Instructions for the task: Your task is to retype the lines from the opening of the material through the line that includes "模拟试题(五)参考答案1.答". Do not copy the pictures.

Task input:
# # # #

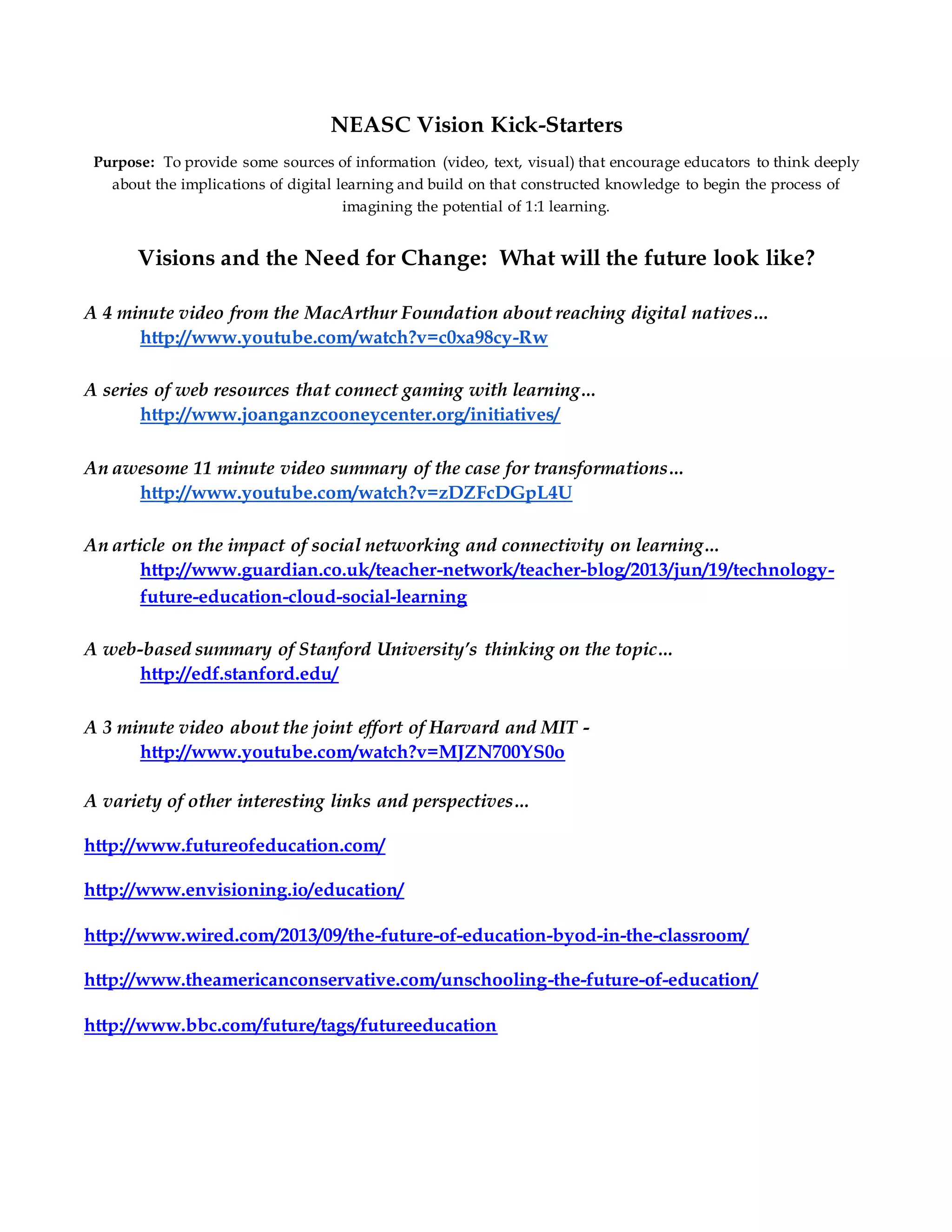 This document provides sources of information to encourage educators to think about the implications of digital learning and building 1:1 learning environments. It includes videos, articles, and websites on visions of the future of education with digital technologies, 21st century skills, and general instructional resources and ideas. Links are provided to resources from organizations like the MacArthur Foundation, Stanford University, MIT, and Khan Academy on topics like social learning, personalized instruction, MOOCs, and flipped classrooms. Educators are also prompted to find their own additional instructional resources online and evaluate them.
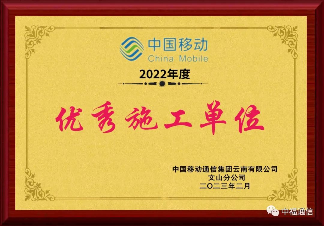近日,北京中福通信工程有限公司云南分公司在文山地區(qū)移動(dòng)通信工程中項(xiàng)目建設(shè)中,榮獲中國(guó)移動(dòng)通信集團(tuán)云南有限公司文山分公司頒發(fā)的“2022年度優(yōu)秀施工單位”榮譽(yù)稱號(hào)。
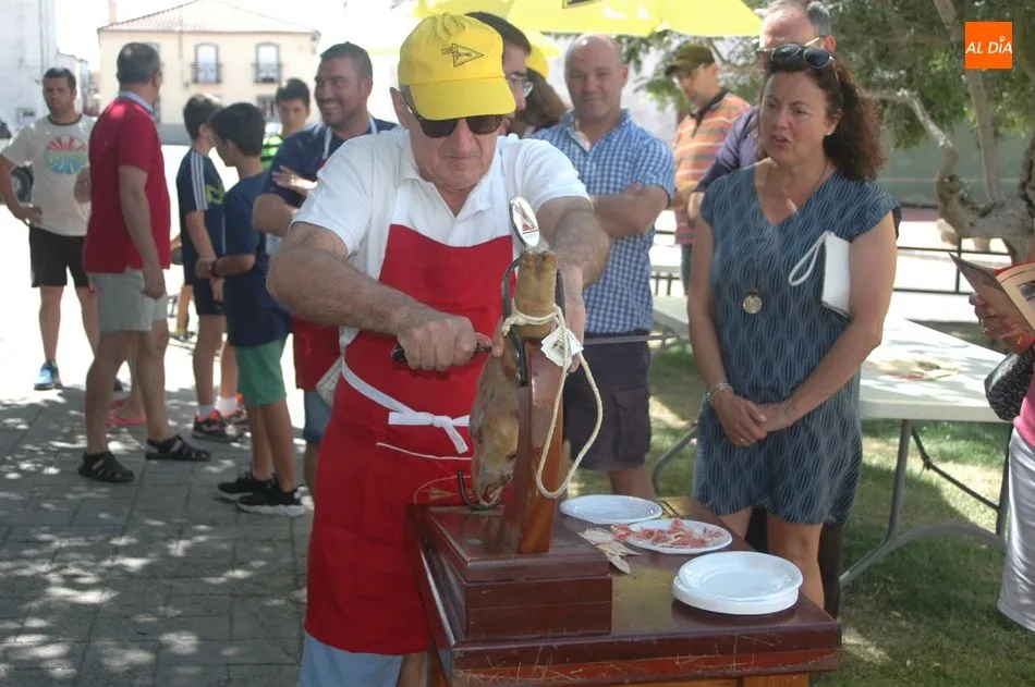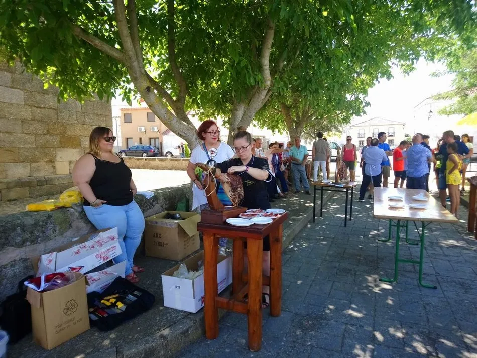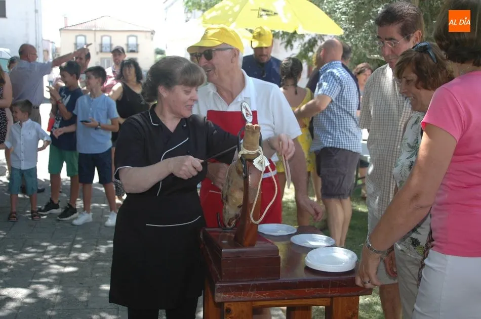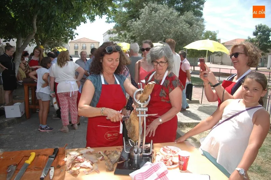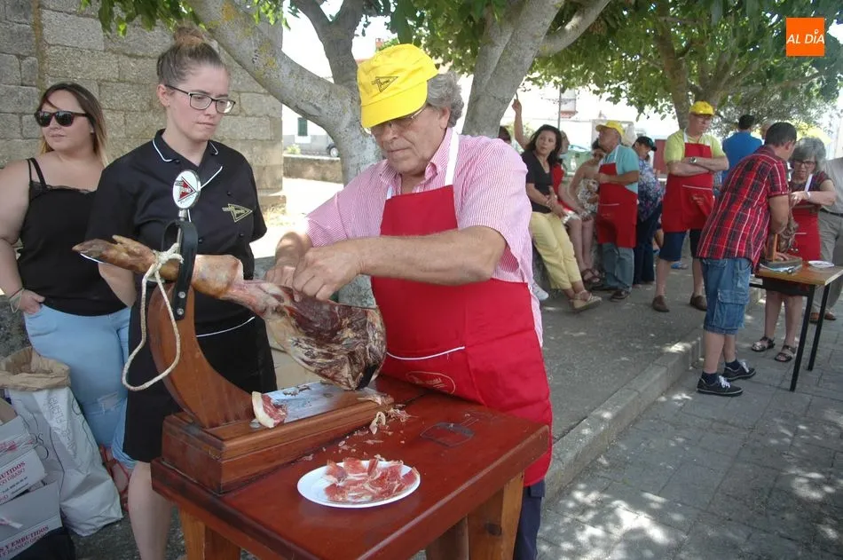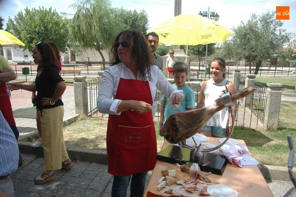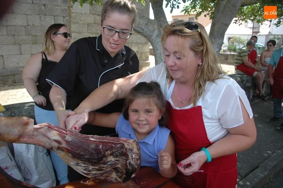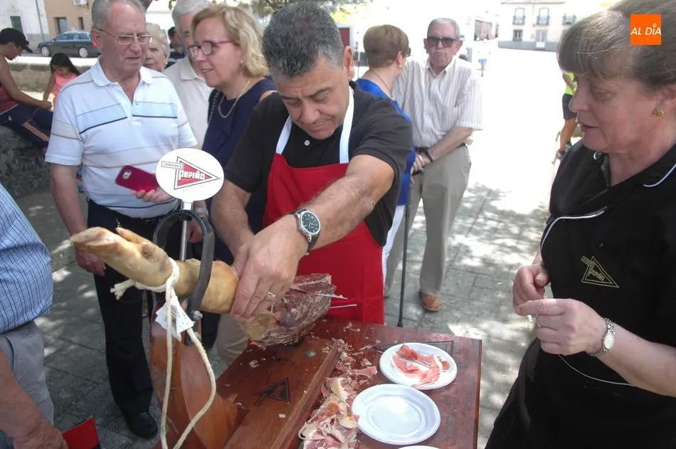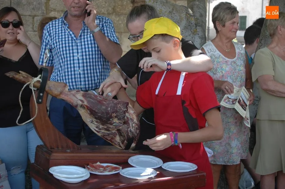 Tras unas nociones básicas, para reconocer las partes del jamón, qué utensilios son los más apropiados, cómo limpiar la pieza y cuál es el corte apropiado para saborear bien el jamón, el numeroso público que se concentraba en la plaza tuvo la oportunidad de poner en práctica las explicaciones de ?Chan?, con la ayuda de María José y los hijos de ambos, Cristina y Jose, quienes iban guiándoles durante el proceso para sacar una buena loncha de jamón. Para finalizar con una degustación de jamón para todos los asistentes.
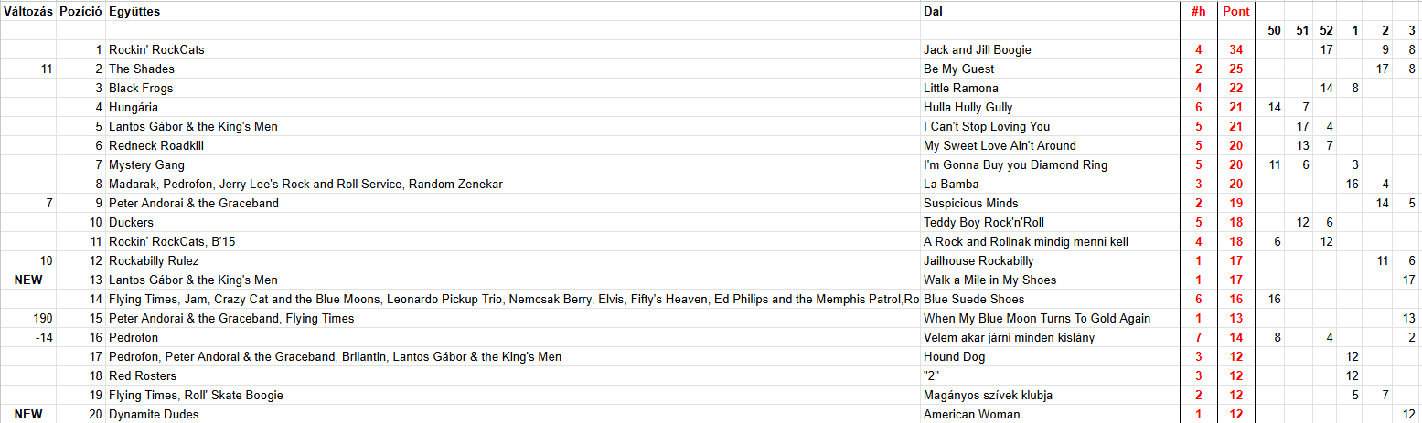 2025 Harmadik hét, Top 20
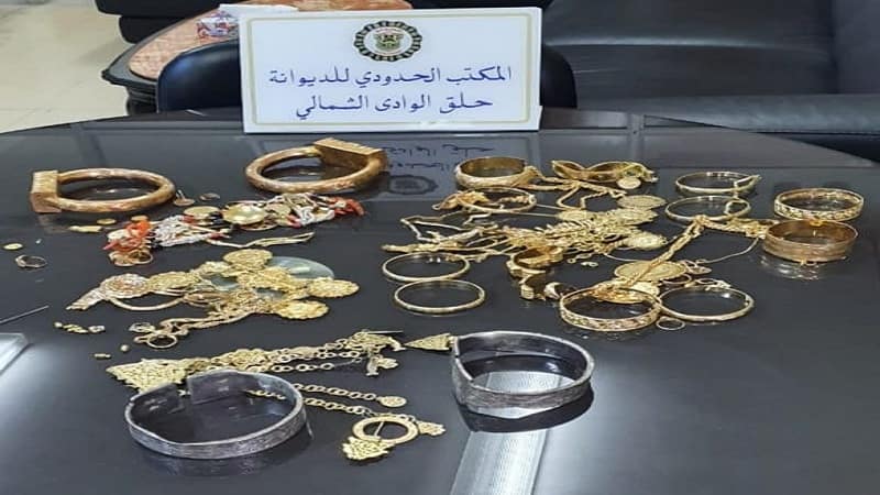 في إطار التصدي لمحاولات تهريب المعادن الثمينة عبر الحدود، تمكنت فرقة تفتيش المسافرين بالمكتب الحدودي للديوانة بميناء حلق الوادي الشمالي من حجز كمية هامة من المصوغ من الذهب تزن حوالي 1013 غرام متمثلة في فرادي وخلخال قدرت قيمتها ب92 ألف دينار اضافة الى كمية من المصوغ من الفضة تزن حوالي 765 غرام تم ضبطها بحوزة مواطن تونسي مقيم بالخارج قام بإخفائها داخل أغراضه الشخصية وذلك اثناء استعداده للمغادرة في اتجاه ميناء جنوة الإيطالي.
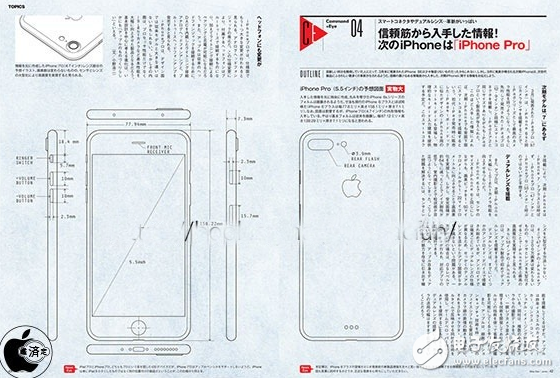 传言称苹果今年秋天发布的 iPhone 7 会移除耳机接口,今天日本杂志 Mac Fan 分享了疑似为 iPhone 7 Pro 的设计图,根据设计图的尺寸,iPhone 7 Pro 尺寸与 iPhone 6s Plus 相差不多,而且会移除耳机接口并配备双 iSight 摄像头。早期的传言提到苹果移除 3.5毫米耳机接口是为了降低设备厚度,不过今天的报告提到苹果会继续维持 iPhone 厚度。
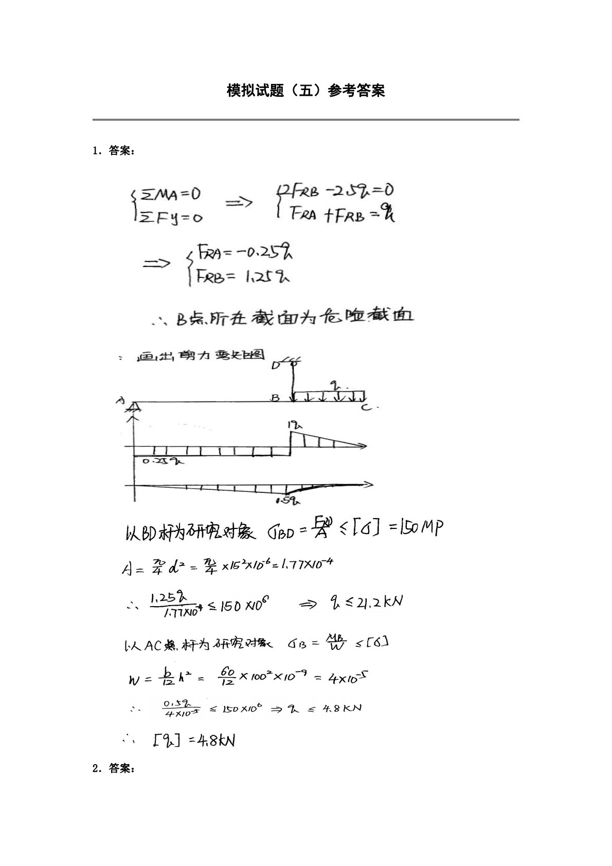 模拟试题(五)参考答案1.答案:2.答案:3.答案“解;上表面A点处的应力状态如图,mNdEMEEmNEWMMpaEWMzz9811612/112/1222;258948102401020034502450004545450450450169010塑性材料用第三强度理论进行校核:MpaMMdMMWxzr93321222132234.答案:解:1、外力分析:将载荷向B点简化,22,2qlMq...
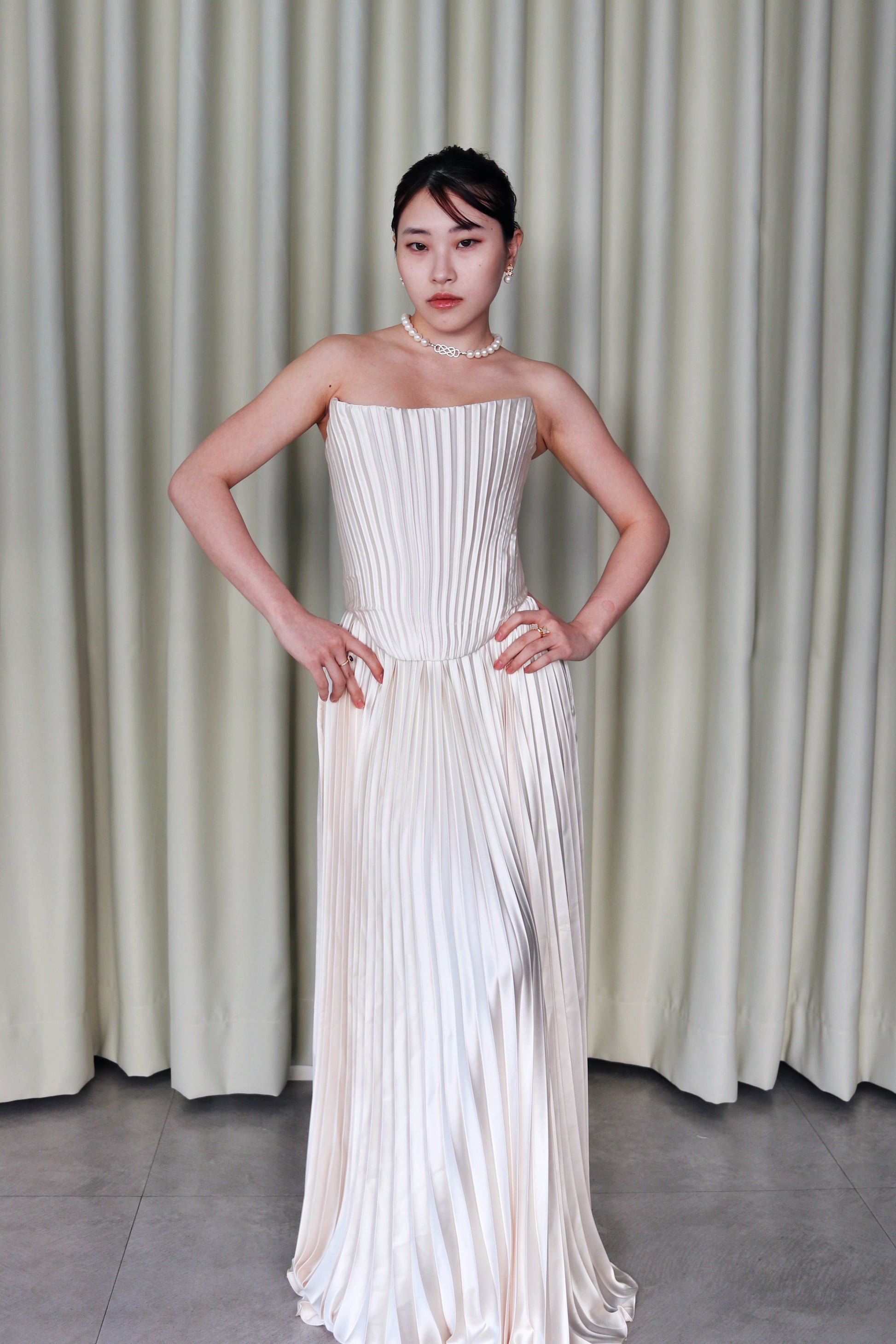The Rowena Electric Pleated Corset Look is crafted with excellence with the pleats’ added dimension, and uniquely classic ensemble. The tapered corset creates a cinched-waist look that is enhanced with the pleated skirt. The longitudinal pleats lengthen the wearer’s body, giving the illusion of a taller height. The Rowena look is perfect for formal events when worn together, but can be styled individually for everyday wear.
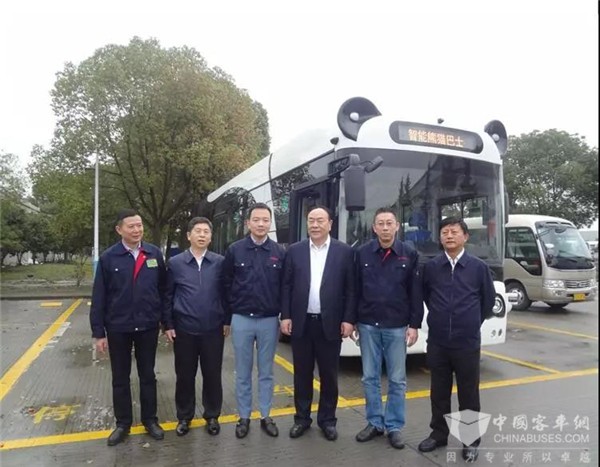 王德佳书记听取了申龙客车近年来新能源客车技术的发展状态和市场情况,并参观了申龙客车的生产线。详细了解完公司的发展情况后参观了申龙客车的新能源产品,包括最近风头正盛的由深兰科技与申龙客车联手打造的熊猫智能公交。熊猫公交可爱的造型、高科技的配置获得了王德佳书记的充分认可。
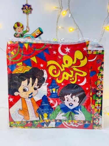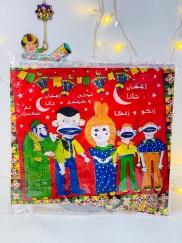 - ألوان نابضة بالحياة: تتميز بألوان حمراء وصفراء وخضراء مع شخصيات كرتونية محببة وزخارف رمضانية تقليدية

# # # #

Solution for this problem:
 This document provides sources of information to encourage educators to think about the implications of digital learning and building 1:1 learning environments. It includes videos, articles, and websites on visions of the future of education with digital technologies, 21st century skills, and general instructional resources and ideas. Links are provided to resources from organizations like the MacArthur Foundation, Stanford University, MIT, and Khan Academy on topics like social learning, personalized instruction, MOOCs, and flipped classrooms. Educators are also prompted to find their own additional instructional resources online and evaluate them.
近日,北京中福通信工程有限公司云南分公司在文山地區(qū)移動(dòng)通信工程中項(xiàng)目建設(shè)中,榮獲中國(guó)移動(dòng)通信集團(tuán)云南有限公司文山分公司頒發(fā)的“2022年度優(yōu)秀施工單位”榮譽(yù)稱號(hào)。
 Tras unas nociones básicas, para reconocer las partes del jamón, qué utensilios son los más apropiados, cómo limpiar la pieza y cuál es el corte apropiado para saborear bien el jamón, el numeroso público que se concentraba en la plaza tuvo la oportunidad de poner en práctica las explicaciones de ?Chan?, con la ayuda de María José y los hijos de ambos, Cristina y Jose, quienes iban guiándoles durante el proceso para sacar una buena loncha de jamón. Para finalizar con una degustación de jamón para todos los asistentes.
 2025 Harmadik hét, Top 20
 في إطار التصدي لمحاولات تهريب المعادن الثمينة عبر الحدود، تمكنت فرقة تفتيش المسافرين بالمكتب الحدودي للديوانة بميناء حلق الوادي الشمالي من حجز كمية هامة من المصوغ من الذهب تزن حوالي 1013 غرام متمثلة في فرادي وخلخال قدرت قيمتها ب92 ألف دينار اضافة الى كمية من المصوغ من الفضة تزن حوالي 765 غرام تم ضبطها بحوزة مواطن تونسي مقيم بالخارج قام بإخفائها داخل أغراضه الشخصية وذلك اثناء استعداده للمغادرة في اتجاه ميناء جنوة الإيطالي.
 传言称苹果今年秋天发布的 iPhone 7 会移除耳机接口,今天日本杂志 Mac Fan 分享了疑似为 iPhone 7 Pro 的设计图,根据设计图的尺寸,iPhone 7 Pro 尺寸与 iPhone 6s Plus 相差不多,而且会移除耳机接口并配备双 iSight 摄像头。早期的传言提到苹果移除 3.5毫米耳机接口是为了降低设备厚度,不过今天的报告提到苹果会继续维持 iPhone 厚度。
 模拟试题(五)参考答案1.答案:2.答案:3.答案“解;上表面A点处的应力状态如图,mNdEMEEmNEWMMpaEWMzz9811612/112/1222;258948102401020034502450004545450450450169010塑性材料用第三强度理论进行校核:MpaMMdMMWxzr93321222132234.答案:解:1、外力分析:将载荷向B点简化,22,2qlMq...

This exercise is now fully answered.